Любопытен был и сам российский технологический процесс прочистки подземных труб вручную. Бригада «скидывалась» на «главный инструмент» – поллитровку. Бутылку по строгой очередности опорожняли из горла, затем к ней привязывалась суровая нитка или капроновая леска и бутылка-поплавок опускалась через смотровой колодец в канализационную трубу. Слабый, но еще существующий в сети ток сточной жидкости доставлял бутылку к следующему колодцу, стоящему ниже по течению. За ней спускался один из членов бригады и, отвязав, привязывал к нитке веревочку покрепче, которую за ту же нитку подтягивали назад, к верхнему колодцу. Далее к веревочке уже привязывался металлический тросик с ведром - черпаком. У нижнего колодца ставилась лебедка, которая, наматывая трос на барабан тянула ведро вниз по течению как черпак, забирая часть грязного песка и ила. Эта операция повторялась до тех пор, пока трубу можно было, как правило, чисто условно, считать прочищенной. Образовавшиеся в трубах грязевые пробки пробивали телескопическими пиками, и рабочие, сменяя друг друга, по много часов в день, скрючившись, по - колено, а иной раз и по - пояс находились в вонючей сточной жидкости.

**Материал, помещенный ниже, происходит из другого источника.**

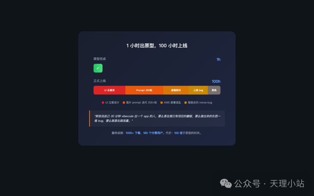 原型用了 1 小时。上线用了 100 小时。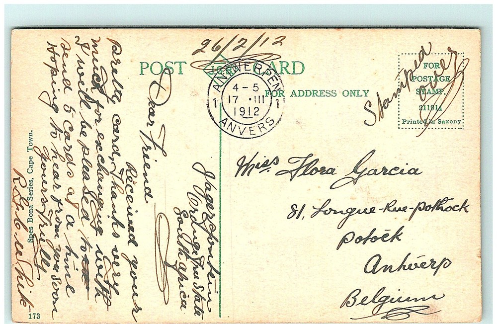 1908 Transvaal South Africa vintage postcard with River postmark S02-1565

Думаю, что теперь вам, дорогой читатель, понятно, какой важности для любой страны было это немецкое изобретение. И какие колоссальные государственные средства оно экономило.

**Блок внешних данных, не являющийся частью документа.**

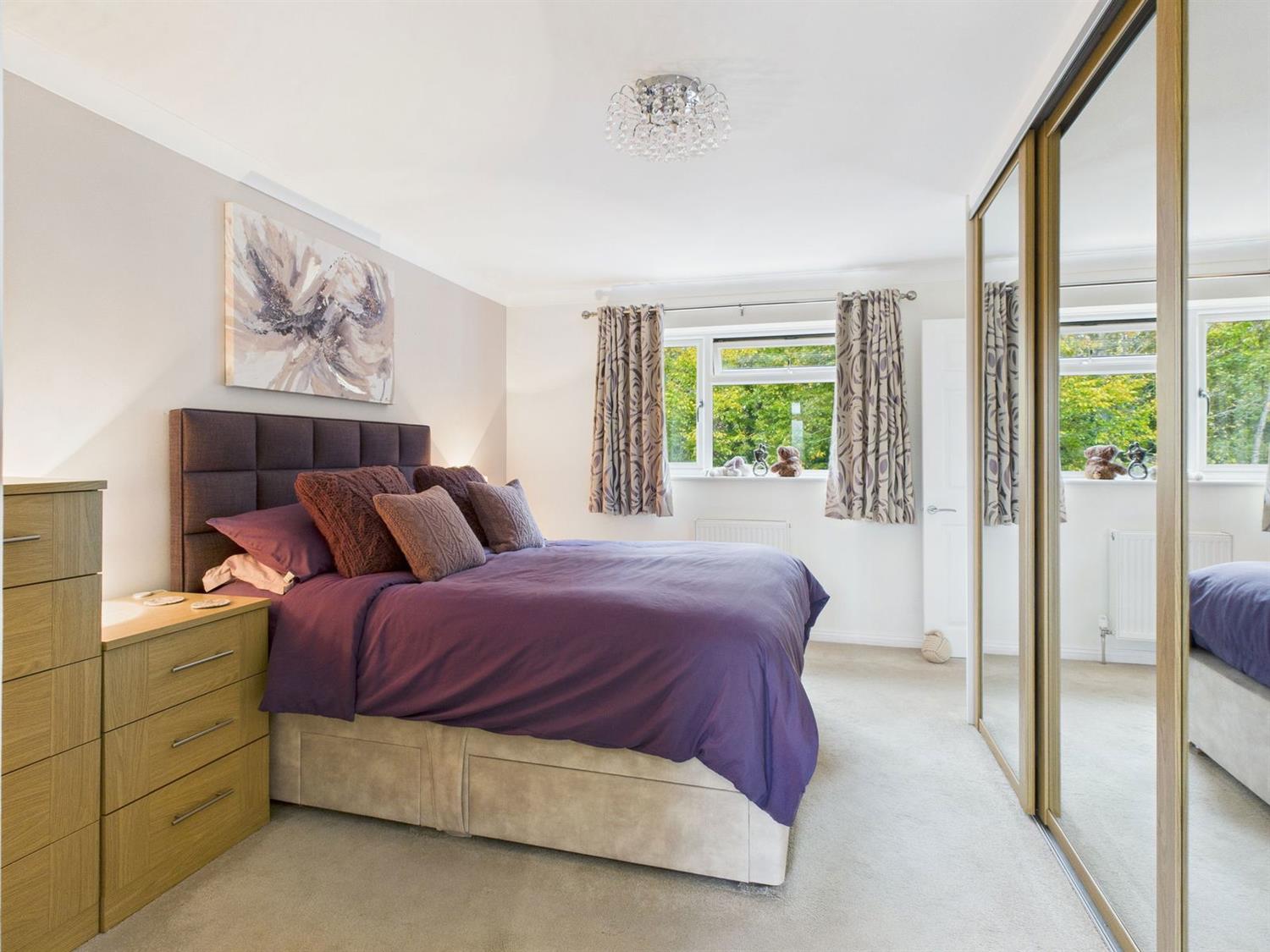 Principal BedroomDouble glazed front aspect overlooking wooded copse, radiator, light Oak effect framed mirrored wardrobe cupboards with sliding doors, door to

Мой приход в отдел как раз совпал с получением институтом министерского задания: очень быстро спроектировать, построить и испытать отечественный образец такой установки. Была выделена валюта на закупку двух различных западногерманских образцов, – чтобы было с чего сдирать. Однако, рассмотрев «немцев» повнимательнее, мы пригорюнились. В стране не выпускались ни такие высоконапорные малогабаритные водяные насосы, ни шланги, способные держать давление больше 60 атмосфер, в то время, как немецкие машины работали на 150 – 200. Не было и еще нескольких необходимых агрегатов, не говоря уже о пристойных автомобильных дизельных шасси. Но, Родина сказала – «Надо» – институт ответил – «Есть!» Через полтора года чертежи первой, испытанной, но очень далекой от совершенства гидродинамической установки были переданы Арзамасскому заводу для запуска в серию.

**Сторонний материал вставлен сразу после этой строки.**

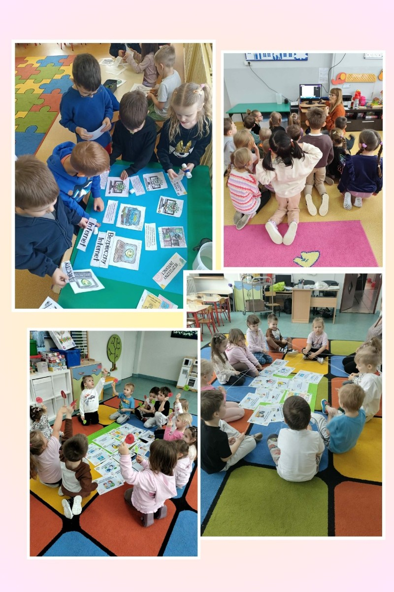 Podczas zajęć dzieci rozmawiały o tym, czym jest Internet i do czego może służyć, a także poznały zasady bezpiecznego korzystania z komputera, tabletu i telefonu. Przedszkolaki dowiedziały się, że w Internecie należy zachować ostrożność, nie podawać danych osobowych oraz zawsze prosić o pomoc dorosłych w przypadku niepokojących treści.

Наступил 1969 год. Мне стукнуло 34 года. Пять раз в неделю после тяжелого рабочего дня мы с соавтором, поспав часок, садились за эстрадные вирши и расходились не раньше полуночи. Можете мне поверить, что руководить отделом в полторы сотни человек в советской стране – далеко не так просто. И дело совсем не в том, что все эти люди работают с напряжением кочегаров у топочных котлов пассажирского лайнера, пересекающего атлантический океан на призовую скоростную «Голубую ленту». Совсем нет! Все НИИ страны кроме работающих на войну и космос, были раздуты до безобразных пределов. Люди маялись за столами и чертежными досками, умирая от безделья, но чем крупнее был отдел, тем большую зарплату получало руководство. Тем больше денег получал профком на инфраструктуру отдыха начальства и сотрудников. Тем больший личный престиж имел директор и парторг организации. В моем подразделении было всего–то пять, шесть толковых конструкторов, которые и тянули все заказы. Остальные работники были «необходимым институту грузовым балластом». Страна тратила 90 процентов средств на ВПК и космос, и денег на развитие легкой промышленности, общего машиностроения, а тем паче, на коммунальное хозяйство отпускалось мизерное количество. Поэтому самой сложной задачей почти любого из руководителей отделов и КБ этих и подобных им организаций было заставить своих подчиненных высиживать на работе полный рабочий день, водить карандашами по ватману, но при этом ни сделать ничего! Да, мой отдел мог выпускать каждые полгода новые, неплохие и очень нужные стране коммунальные машины, но не было заводов, которые могли бы их делать, и средств, на которые эти машины можно было бы изготавливать. Вот на эту показуху и уходили тогда все мои силы и годы жизни. Поэтому, добираясь до дома, выжатый как лимон, я все чаще и чаще начал задумываться, а не пойти ли мне в очную аспирантуру, и три года прожить на вольных хлебах, занимаясь писательской работой для эстрады.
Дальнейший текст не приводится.